This objective shall be achieved by reducing emissions of greenhouse gases (GHGs) to the atmosphere and sequestering carbon in terrestrial ecosystems. Currently, the Convention has been signed by 189 countries, divided into two groups: i) industrialised or developed countries and countries with economies in transition, referred to as Annex I countries, and ii) developing countries (Non-Annex I countries).
The UNFCCC treaty urged countries to take measures, but set no mandatory limits on greenhouse gas emissions for individual nations and contained no enforcement provisions. Such binding emission limits were later agreed in an extension to the original treaty: the Kyoto Protocol. More than 160 countries have ratified the Kyoto Protocol, representing over 60% of emissions from Annex I countries[2]. By ratifying the Protocol, Annex I countries accept emission reduction obligations. Non-Annex I countries have no GHG emission reduction obligations but can transfer emission reductions to Annex I countries.
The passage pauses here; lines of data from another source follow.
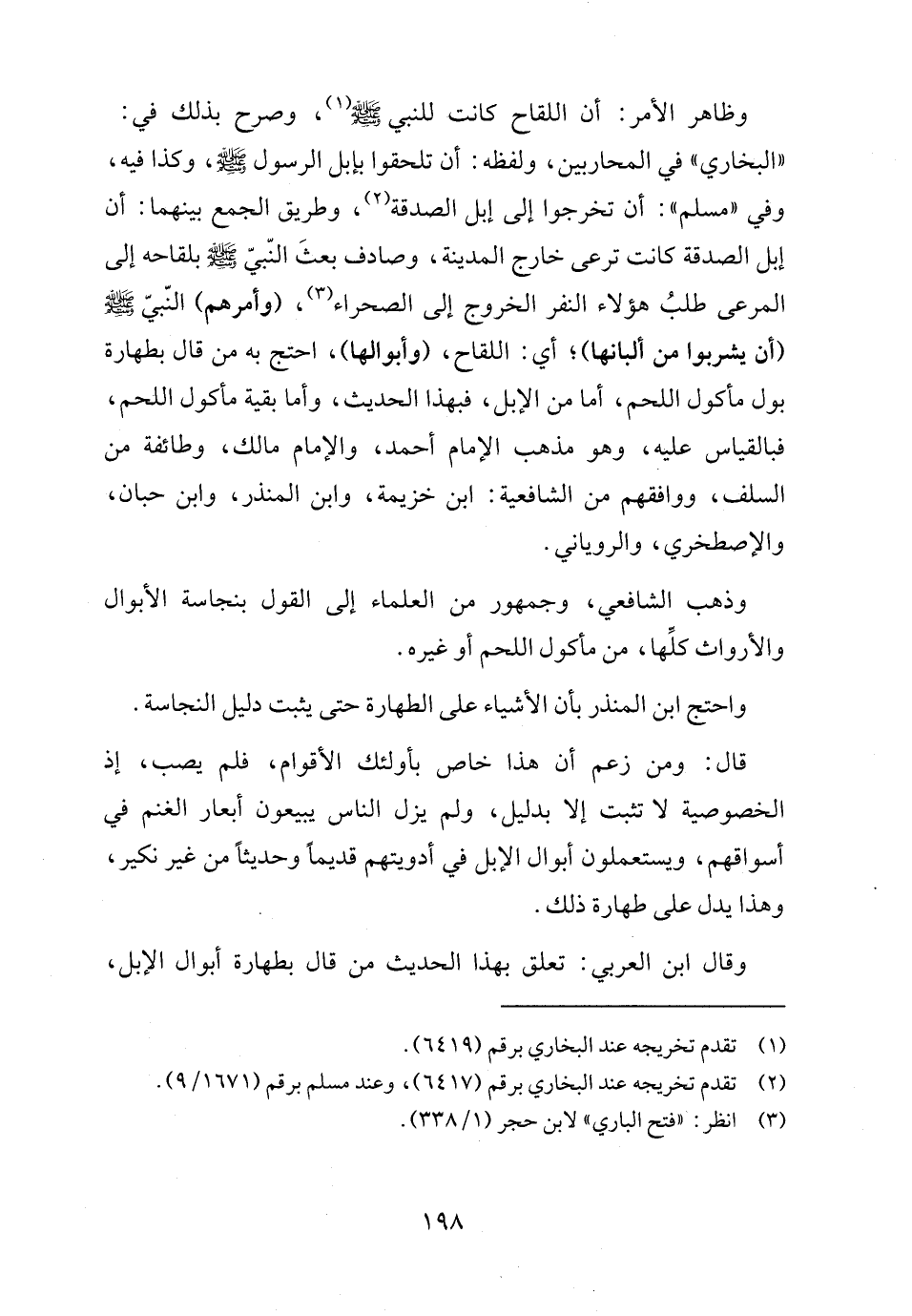 وظاهر الأمر: أن اللقاح كانت للنبي - صلى الله عليه وسلم - (١)، وصرح بذلك في: "البخاري" في المحاربين، ولفظه: أن تلحقوا بإبل الرسول - صلى الله عليه وسلم -، وكذا فيه، وفي "مسلم": أن تخرجوا إلى إبل الصدقة (٢)، وطريق الجمع بينهما: أن إبل الصدقة كانت ترعى خارج المدينة، وصادف بعثَ النّبيّ - صلى الله عليه وسلم - بلقاحه إلى المرعى طلبُ هؤلاء النفر الخروج إلى الصحراء (٣)، (وأمرهم) النّبيّ - صلى الله عليه وسلم - (أن يشربوا من ألبانها)؛ أي: اللقاح، (وأبوالها)، احتج به من قال بطهارة بول مأكول اللحم، أما من الإبل، فبهذا الحديث، وأما بقية مأكول اللحم، فبالقياس عليه، وهو مذهب الإمام أحمد، والإمام مالك، وطائفة من السلف، ووافقهم من الشافعية: ابن خزيمة، وابن المنذر، وابن حبان، والإصطخري، والروياني.
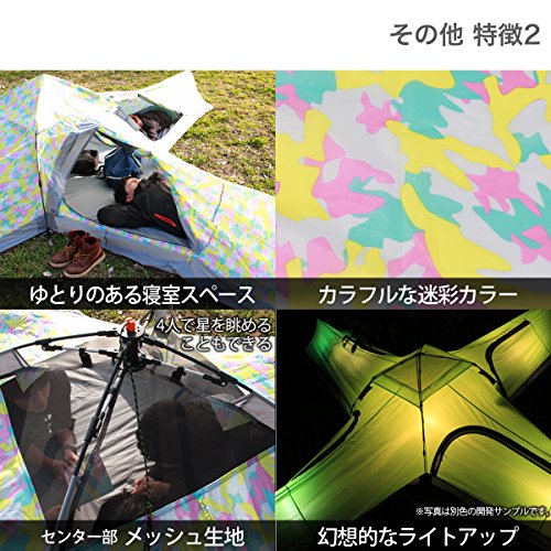 ビッグサイズなのに5分で設営できるワンタッチ2ルームテントです。裾にスカート付きの4シーズン対応、全面にフルメッシュ加工された設計は夏でも快適です。 しかもテント床面積が約13畳、家族や友人とのキャンプが楽しく過ごせます。
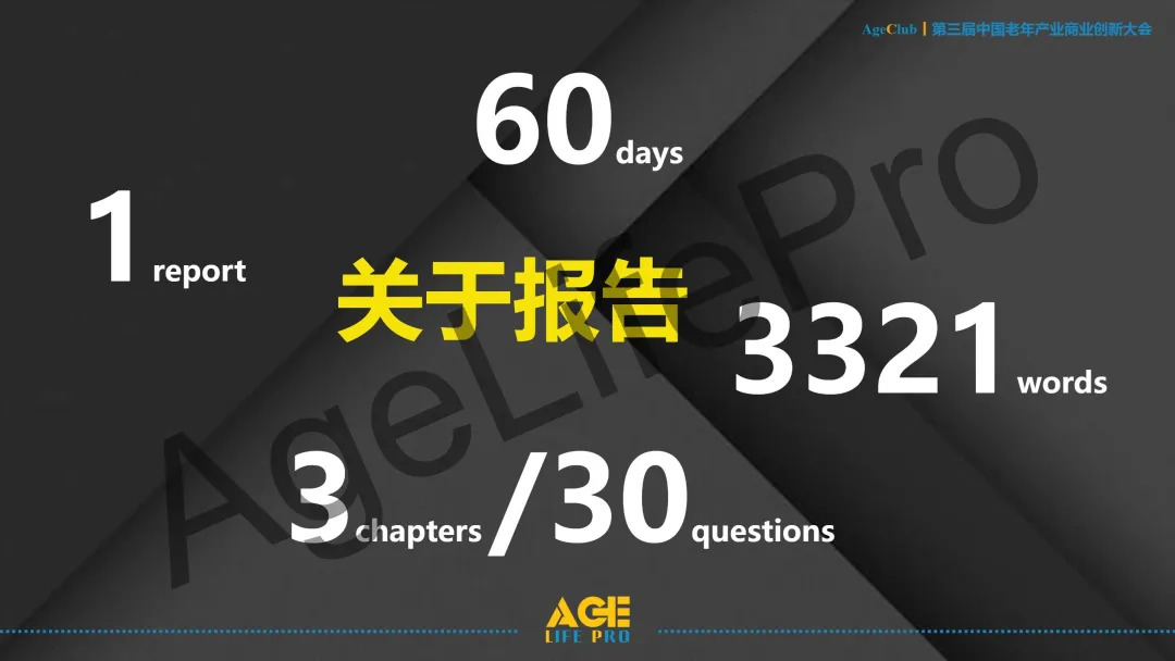 “3/30”:整个报告由3个章节和30个问题组成,3个章节分别是:被调研者画像、中国养老产业过往回顾、以及中国养老产业未来展望,每个章节各涉及10个问题;
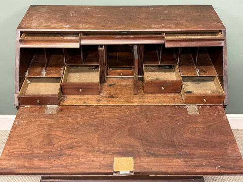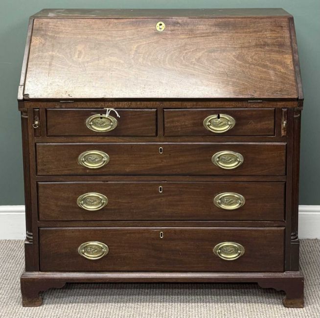 GEORGIAN MAHOGANY STYLE BUREAU BOOKCASE, with brass drop handles, on bracket feet, 106 (h) x 107 (w) x 56cms (d)
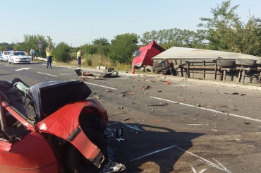 Egy személygépkocsi és egy kamion frontálisan összeütközött. Az autó sofőrje a helyszínen életét vesztette.
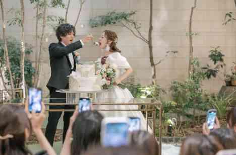 新郎新婦様のこだわりのウエディングケーキはトリフォーリアNAGOYAの専属パティシエが創り上げたオリジナル生ケーキ! 大理石の様な グレー×ホワイトのチョコプレートがあしらわれたお洒落なウエディングケーキには 胡蝶蘭が添えられ より華やかな印象となりました♡ 当会場の全天候型ガーデンテラスで行われたケーキセレモニーはとてもかわいいお二人のお姿にゲストの思わず笑顔に♡
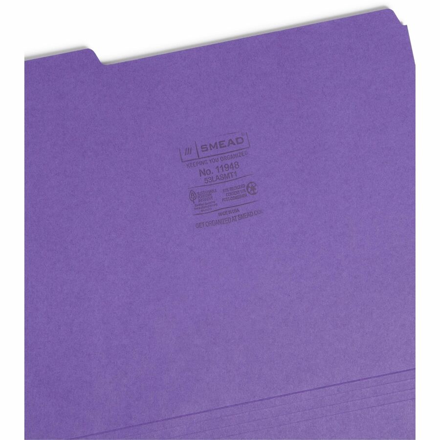 Smead 1/3 Tab Cut Letter Recycled Top Tab File Folder - 8 1/2" x 11" - 3/4" Expansion - Top Tab Location - Assorted Tab Position - 11 pt. - 1 Plys - Assorted - Rounded Corner - 10% Recycled - 100 / Box
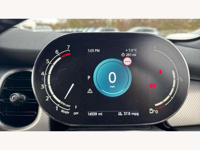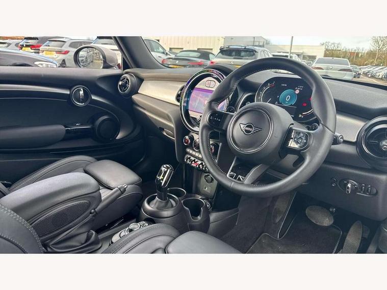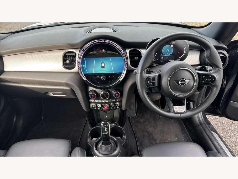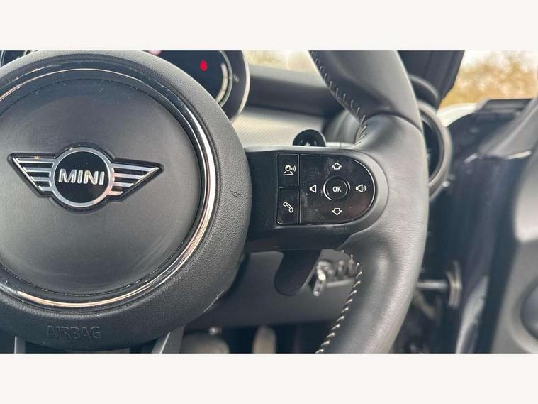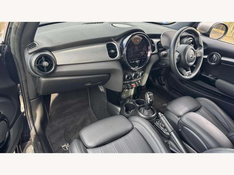Apple CarPlay, Automatic start/stop function with brake energy recuperation, Compatible mobile phone bluetooth with audio streaming, Cruise control with brake assist, Electro-mechanical speed dependant steering assistance, Flexible car sharing preparation, Instrument cluster, MINI Driving Modes - centre toggle switch to control driving setting (sport, mid and green), Mini E-call, MINI TeleServices, On board computer, Rear park distance control, Service interval indicator, Double Vanos system, Fully variable valve control, High precision injection, Performance Control, Steptronic sport transmission with double clutch and steering wheel paddles, 8.8" touchscreen with LED ring, FM tuner and DAB digital radio, 3rd brake light, Automatic headlight activation switch, Bonnet scoop, Chrome line exterior - radiator grille bars, tailgate handle, lower front grille grating and rear central fog-light, Dynamic brake lights, Electric front windows, Heated rear window, Heated windscreen washer jets, LED headlight with closed ring and daytime driving lights, Metal door sill strips with Cooper S, Model logo Cooper S on right of tailgate, Rain sensor window wipers, Rear fog lights, Rear LED lights with union jack design, Rear window wiper, Side scuttle panel with integrated indicator, Sun/heat protection glass, White indicator lenses, 12V Accessory socket in centre console, 2 seat bench in 2nd row, 4 lashing eyes in luggage compartment, 60/40 split folding rear seat, Carbon black colour line - Knee roll and door armrest, Chrome interior highlights, Chrome line interior - air vents, gear lever base, door handles and speakers in doors, Cupholders, Front and rear head restraints, Front and rear isofix with front passenger airbag deactivation, Front floor mats in velour, Glove compartment, Height and length steering column adjustment, Interior lighting with 12 different colours across the dashboard, underneath door bezel with illuminated laser-engraved design on central display, Leatherette gearshift lever and handbrake gaiters, LED reading lights, vanity mirror lights, front foot well light and spotlight on front seats, Manual air conditioning, Mechanical seat adjustment - forward/back & backrest for front seats and driver seat height adjust, MINI yours badge on exterior pillar, Multifunction steering wheel, Passenger seat height adjuster, Satellite grey headlining including grab handles and clothes hooks, Single front passenger seat, Storage compartments in doors, Storage pocket on back of front seats, Sunvisors with vanity mirrors, Walknappa leather steering wheel with grey seam and MINI Yours badge on Piano Black lower steering wheel spoke, 3 point seatbelts on all four seats, 6 Airbags - front, side, head and seat belt tensioners, Anti-lock braking system (ABS), DSC - Dynamic Stability Control, Front and rear disc brakes, Two tone horn, Tyre pressure monitoring system, Alarm system with tilt sensor, monitoring doors, bonnet interior and tailgate, Electronic vehicle immobiliser, Start/stop toggle with keyless go, Tool kit,
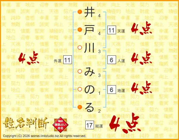井戸川みのるさんの総運は17画の4点!
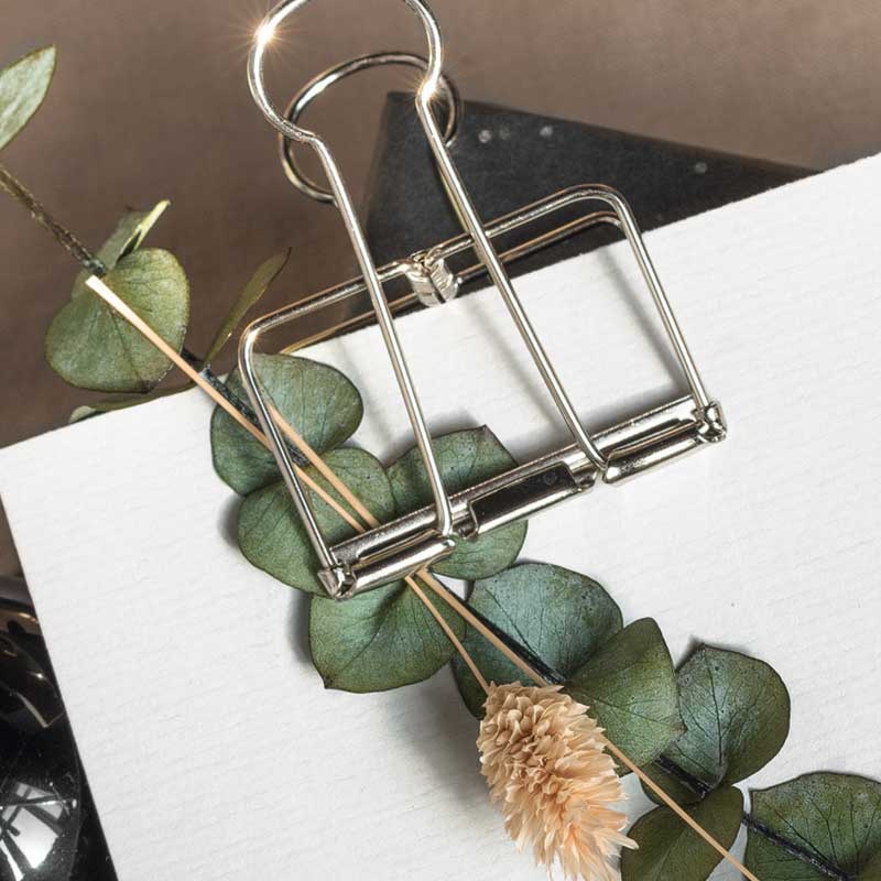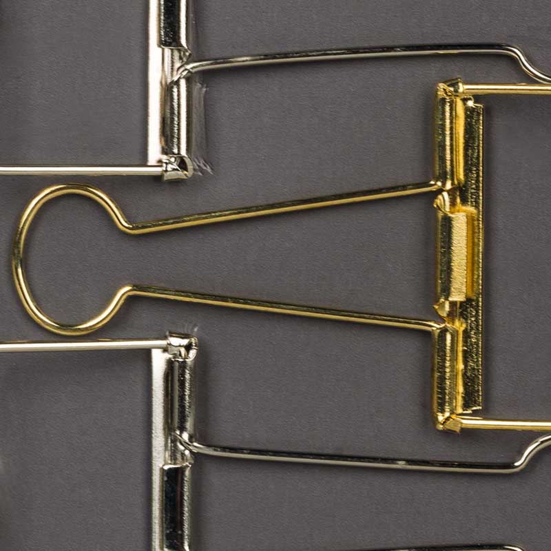 Klipsy wykonane w całości z wytrzymałego metalu w złotym i srebrnym kolorze są pozbawione środka – tworzy je sama metalowa ramka. Ma to nie tylko walory estetyczne, ale również praktyczne, które szczególnie doceniają artyści zajmujący się urban sketchingiem – skonstruowane w taki sposób klipsy trzymają kartki szkicownika na swoim miejscu, jednocześnie nie zasłaniając przestrzeni rysunkowej i nie odciągając uwagi od rysunku. Ponadto ich delikatna konstrukcja nie odkształca papieru.

In the first commitment period (2008-2012), Annex I countries have to reduce their collective emissions of greenhouse gases by 5.2% compared to the year 1990. The goal is to lower overall emissions of six GHGs – CO2, CH4, N2O, SF6, HFCs, and PFCs. National limitations range from 8% reductions for the European Union and some others to 6% for Japan, 0% for Russia, and permitted increases of 8% for Australia and 10% for Iceland.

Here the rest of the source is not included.